In einer industriellen Anwendung spielen Key Performance Indicators (KPI, engl. für Leistungskennzahlen) eine entscheidende Rolle, um die Effektivität einer Maschine oder einer Anlage zu beurteilen und Leistungsabweichungen und Störungen frühzeitig zu detektieren.

Bei komplexen Systemen, welche grosse Mengen an Logdaten generieren, kann schnell der Überblick verloren gehen. Die Lösung bildet eine zentrale Datensenke für Logdaten.

Seq von datalust.co ist ein datenbankbasiertes Logsystem für strukturierte Logdaten. Die Plattform bietet zahlreiche Libraries und Plug-ins zu modernen Log-APIs für verschiedene Programmiersprachen und Schnittstellen (u. a. für Serilog, Microsoft.Extensions.Logging, Java, Python sowie über HTTP) und bildet daher eine zentrale Datensenke für die diversen Applikationen in komplexen Systemen und Microservices.

Vorteile

  • Steigerung der Anlageneffektivität (OEE) durch Optimierung aufgrund der vorhandenen Datengrundlage
  • Schnelle Lokalisierung von Fehlzuständen und Leistungsabweichungen in komplexen Applikationen und Microservices
  • Webbasiertes User Interface für einfachen Zugriff
  • Notification über Slack, Teams oder Mail bei Abweichung von vordefinierten Bedingungen
  • Konfigurierbar: Einfache Erstellung neuer Abfragen und Diagramme durch den Anwender
  • Data Retention durch Seq
  • Datenexport zur Erstellung von Reports

Die Basis zur Darstellung von Kennzahlen stellen strukturierte Logdaten dar. Seq bereitet die strukturierten Logdaten in die gewünschten Darstellungen wie Kuchendiagramme, Zeitachsendiagramme oder Balkendiagramme auf und aktualisiert diese falls gewünscht in Echtzeit.

Seq: Zeitliche Darstellung von produzierten Einheiten pro Endstelle

Strukturierte Logdaten

Die Basis für eine effiziente Generierung von Diagrammen und Reports stellen strukturierte Logdaten dar. Der folgende Beispiel-Logauszug zeigt die Datenfelder eines strukturierten Logeintrags:

Auszug strukturierter Logeintrag in Seq

Über die Schlüsselwortsuche können die vorliegenden strukturierten Logdaten durchsucht und gefiltert werden. Im untenstehenden Beispiel wird die Filterung der Logdaten auf die InvokeId = 28317742 dargestellt. Diese Ansicht erlaubt die Reduzierung der Logeinträge auf die relevanten Daten. Dies dient der Verfolgung eines einzelnen Flows durch alle Applikationen und Dienste. Vorausgesetzt, die strukturierten Logeinträge enthalten das InvokeId-Schlüsselfeld mit dem entsprechenden Wert.

Filterung auf Schlüsselwort zeigt alle mit dieser zugewiesenen InvokeId in Verbindung stehenden Logeinträge

Data Retention

Bei datenbankbasierten Systemen stellen zunehmende und wachsende Datensätze früher oder später ein Problem dar, wenn sich nicht um Data Retention gekümmert wird. Seq ist mit automatischen Datenbereinigungsinstrumenten ausgestattet. In den Retention Policies können Logdaten mit unterschiedlichen Schweregraden (Severities) über einen kürzeren oder längeren Zeitraum gespeichert werden.
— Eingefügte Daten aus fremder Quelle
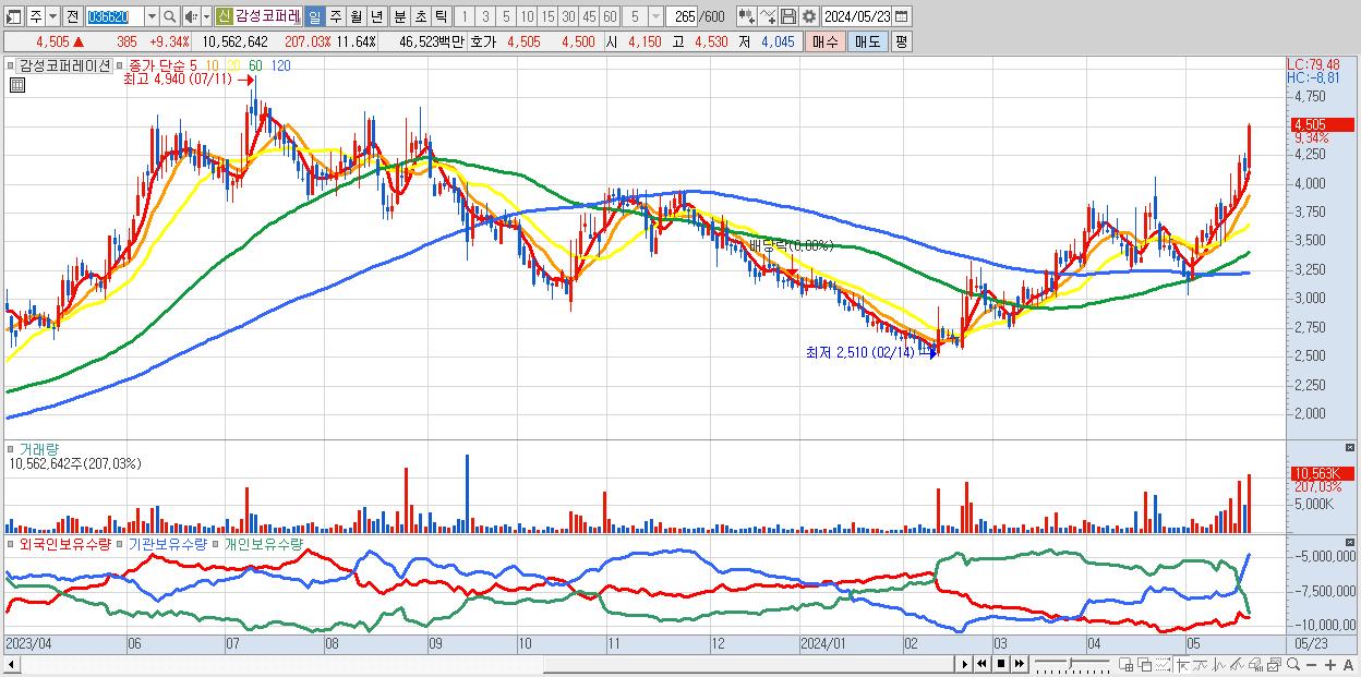 - 감성코퍼레이션 (4,505원 ▲ 9.34% , 시총: 4,088억, 거래량: 10,562,642, 거래대금:465억)

Dies ist beispielsweise dann sinnvoll, wenn detaillierte Logdaten auf Debug-Level über einen kürzeren Zeitraum zur vertieften Fehlerdiagnose gespeichert werden möchten. Während Logdaten auf Info-Level (beispielsweise Serienummern von produzierten Gütern) über einen längeren Zeitraum zur Abbildung von Monats- oder Jahresübersichten gespeichert werden können.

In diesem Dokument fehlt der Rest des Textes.